It's the middle of March, which means it's almost spring, although it's -10 and we just got another delivery of snow.
This winter has gone by so fast - really truly - faster I think than any other winter. I remember the past few winters were drawn-out and unending, depressingly so, but this time 'round I can hardly believe April is only a few moons away. I have much to look forward to the next few weeks: I've got a whole lot on the go right now and I can't wait to see how it all unfolds this year.
So, it's official. I have ceased to remove myself from my twirling mind; the to-and-fro that comes in waves, whispering one thing and then shouting the next, both entirely opposite pieces of advice.
I spoke to counsellors and psychologists in my late teens and early twenties, back when my anxiety was so overbearing that the world around me was as dark and hazy as anything you've ever seen; back when I couldn't seem to make a decision any better than I can now, in some ways, I suppose.

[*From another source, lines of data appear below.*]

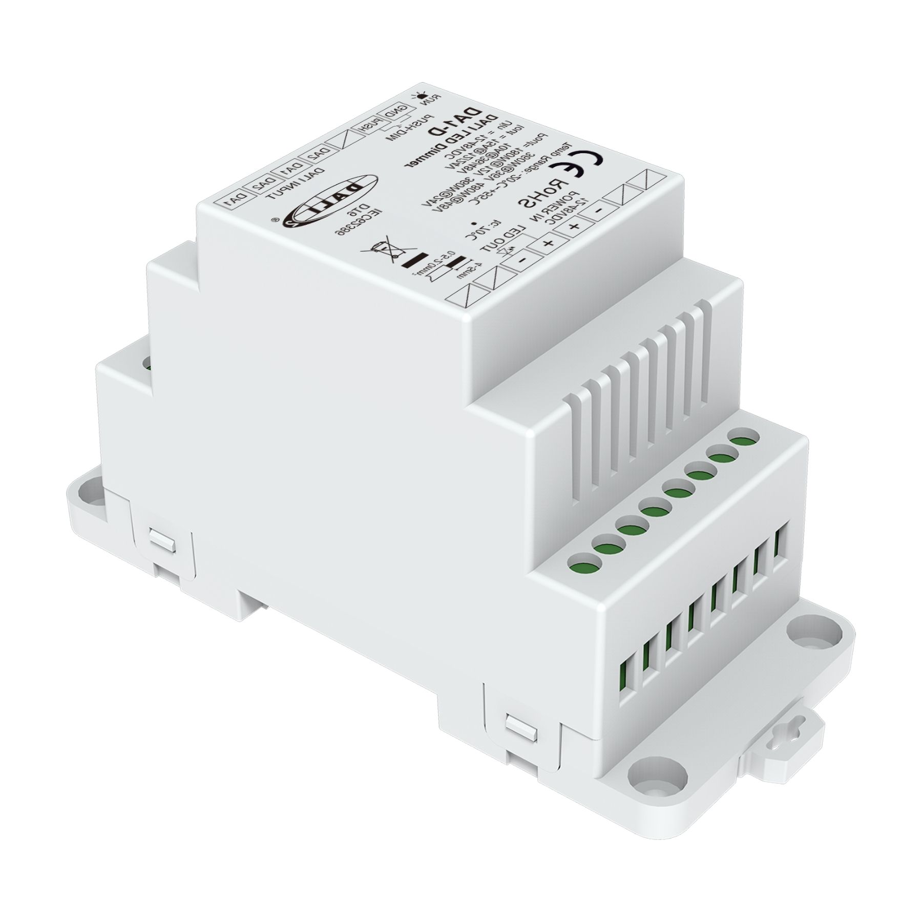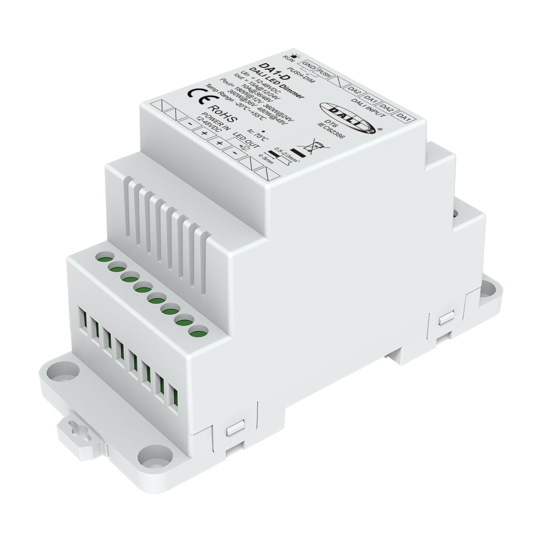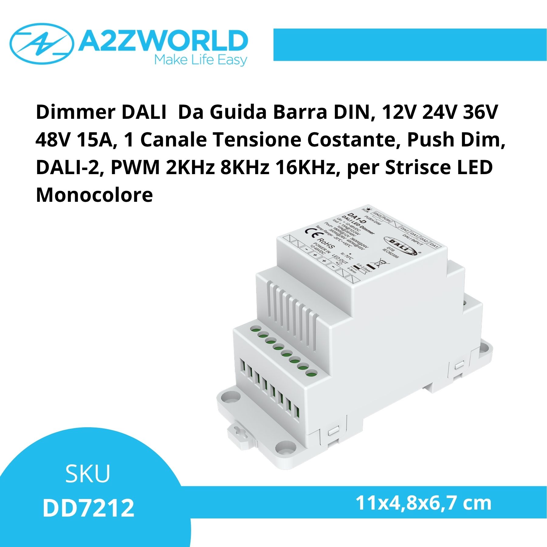 - Installazione su guida DIN con alimentazione 12-48VDC e ingresso Push Dim
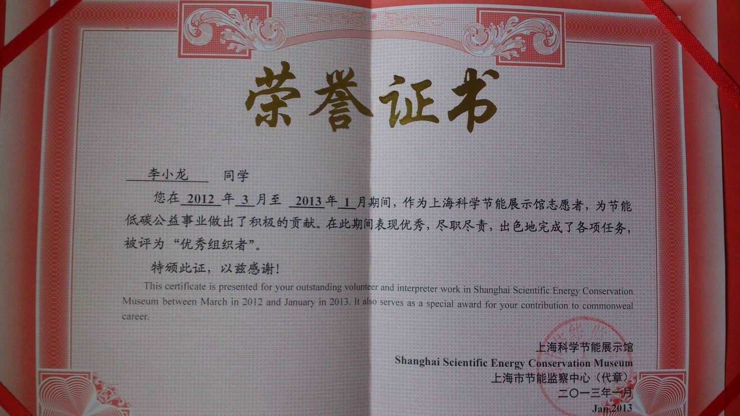 此外,学院李小龙同学被评为2012年度上海市节能馆志愿者优秀组织者,展现了当代大学生乐于奉献自我,服务社会,服务人民的志愿者精神,也表现出了学生志愿者无私贡献、传递爱心、传播文明、力争为市民创建更好的社会氛围的优良风貌。
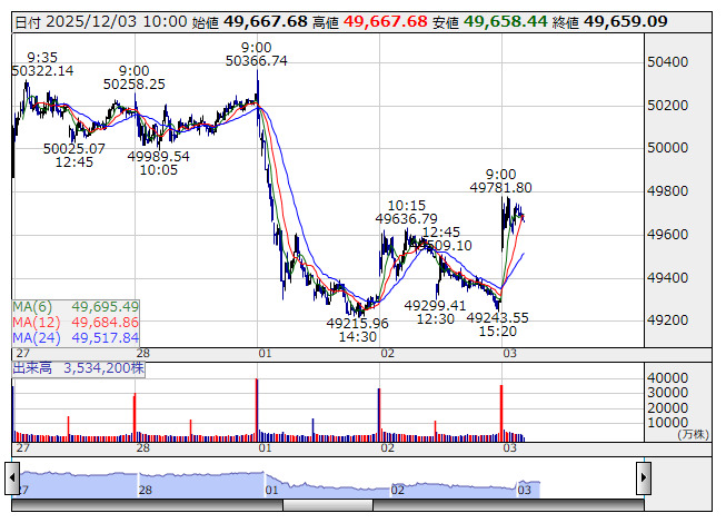 【市況】10時の日経平均は359円高の4万9662円、アドテストが243.34円押し上げ
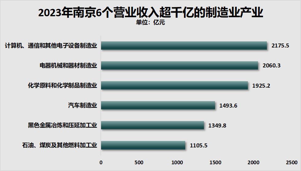 从千亿产业来看,2023年南京拥有6个营业收入超千亿的产业,分别是计算机、通信和其他电子设备制造业,电气机械和器材制造业,化学原料和化学制品制造业,汽车制造业,黑色金属冶炼和压延加工业,石油、煤炭及其他燃料加工业,其中计算机、通信和其他电子设备制造业营收最高。
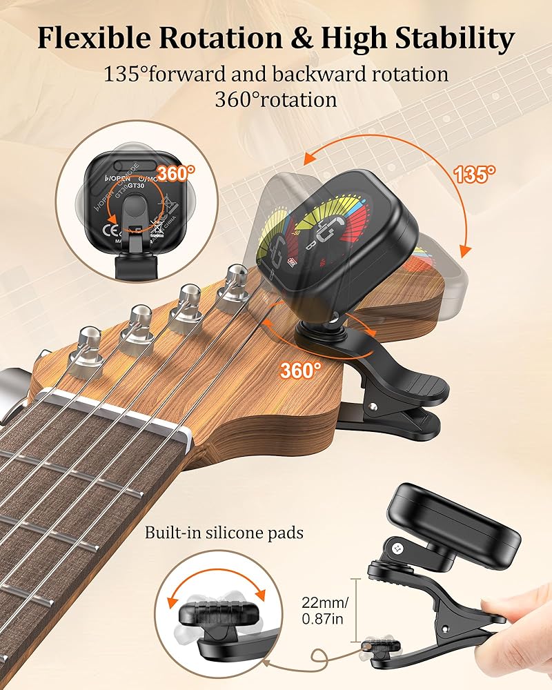 【360° Rotatable Screen】Adjust the screen to your preferred viewing angle—perfect for stage, studio, or practice. Silicone-padded clamp grips securely without damaging your instrument.
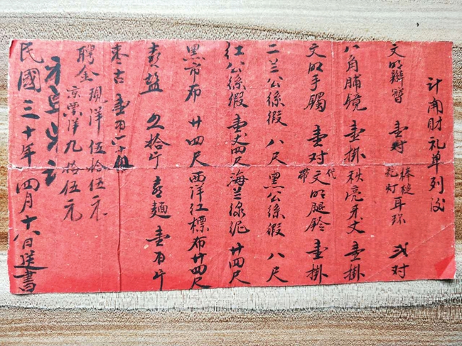 該彩禮單為紅色紙張,雖然中間有皺褶,但內容無損壞,整體保存完好。彩禮單長21厘米,寬11.5厘米,內容為毛筆書寫,字跡疏密有致,瀟灑飄逸,如同一幅精心創作的書法作品。
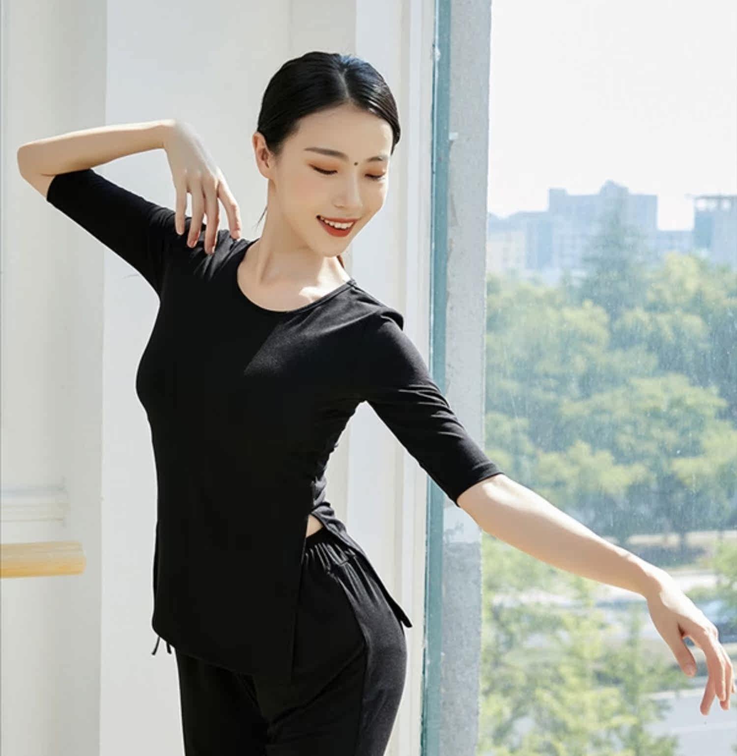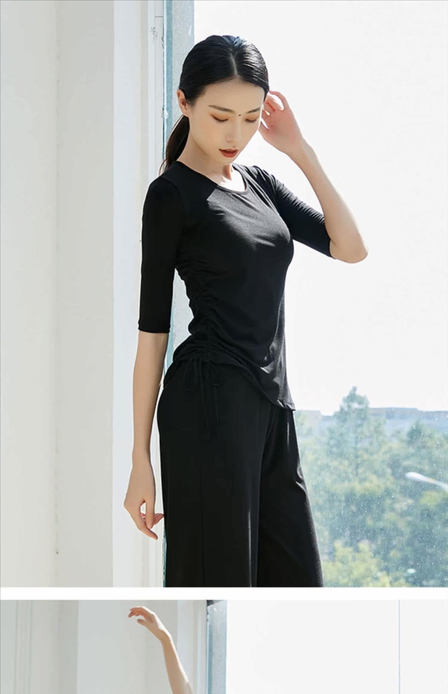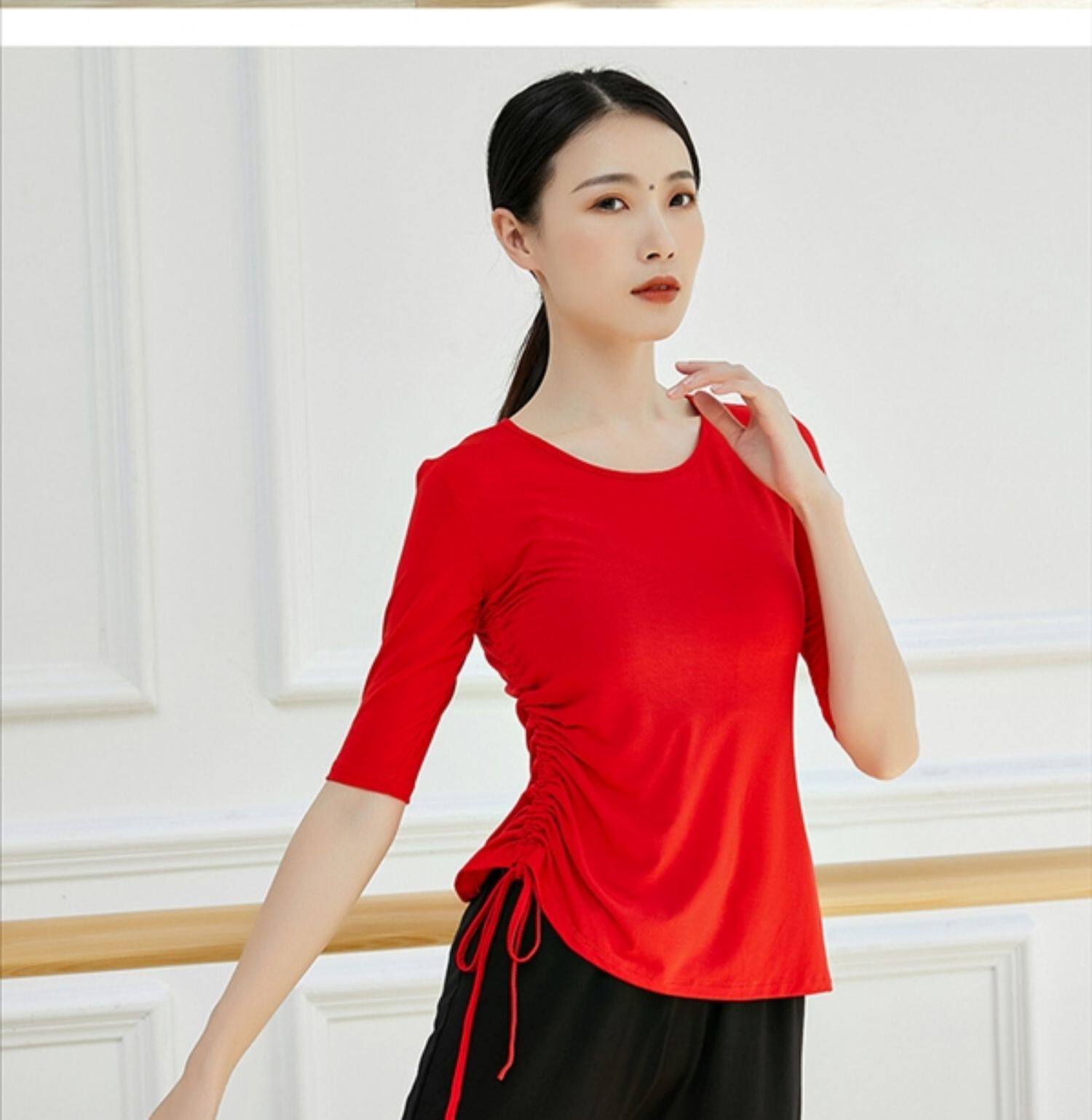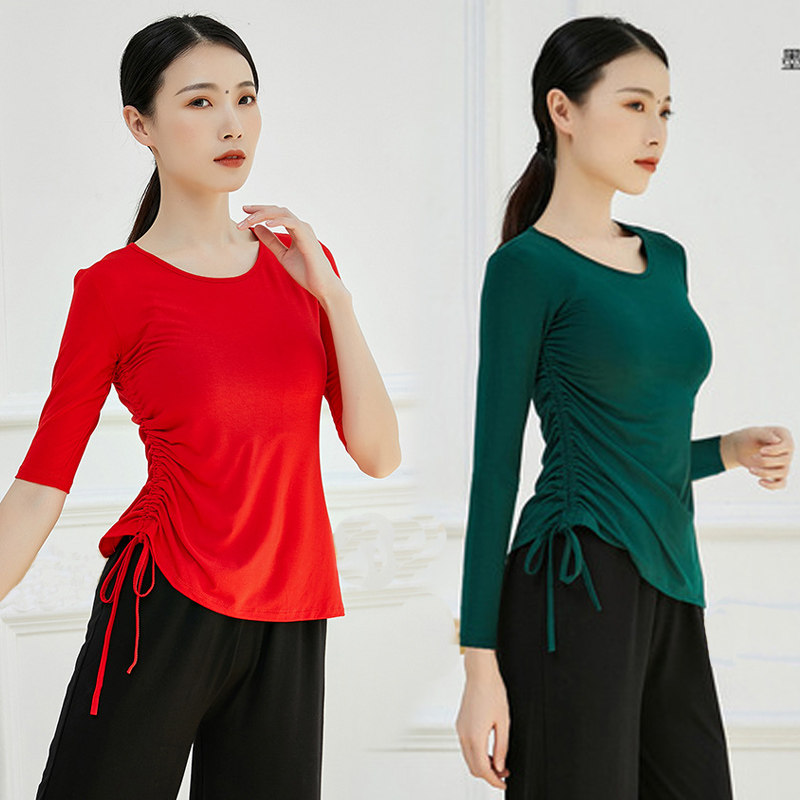 Спортивная одежда, современный классический танцующий лонгслив для тренировок, свободный крой, на шнурках

Thankfully, a handful of years later, I'm more confident in my steps than I've ever been, although there's a thing or two that always pulls me backward. I'm going to speak to another psychotherapist this Friday and I am so thrilled about it. Friday can't come soon enough, in fact. I'm nervous though, too, and mostly just hopeful that he'll be able to help me find clarity in all of the spaghetti of questions I have about life, love, moving on, and moving forward.
I'm the kind of person who needs to express how I feel by talking about stuff with people I trust. I am terrible at holding things in when something is bothering me, and this is why counselling is so helpful for me. I think everybody should invest in a few sessions with a therapist at least once in their life, during a time when they need answers, someone to bounce their thoughts off of, or to get another perspective.
For now I am writing down all of the things I am grateful for and I can't tell you why I haven't done it more often.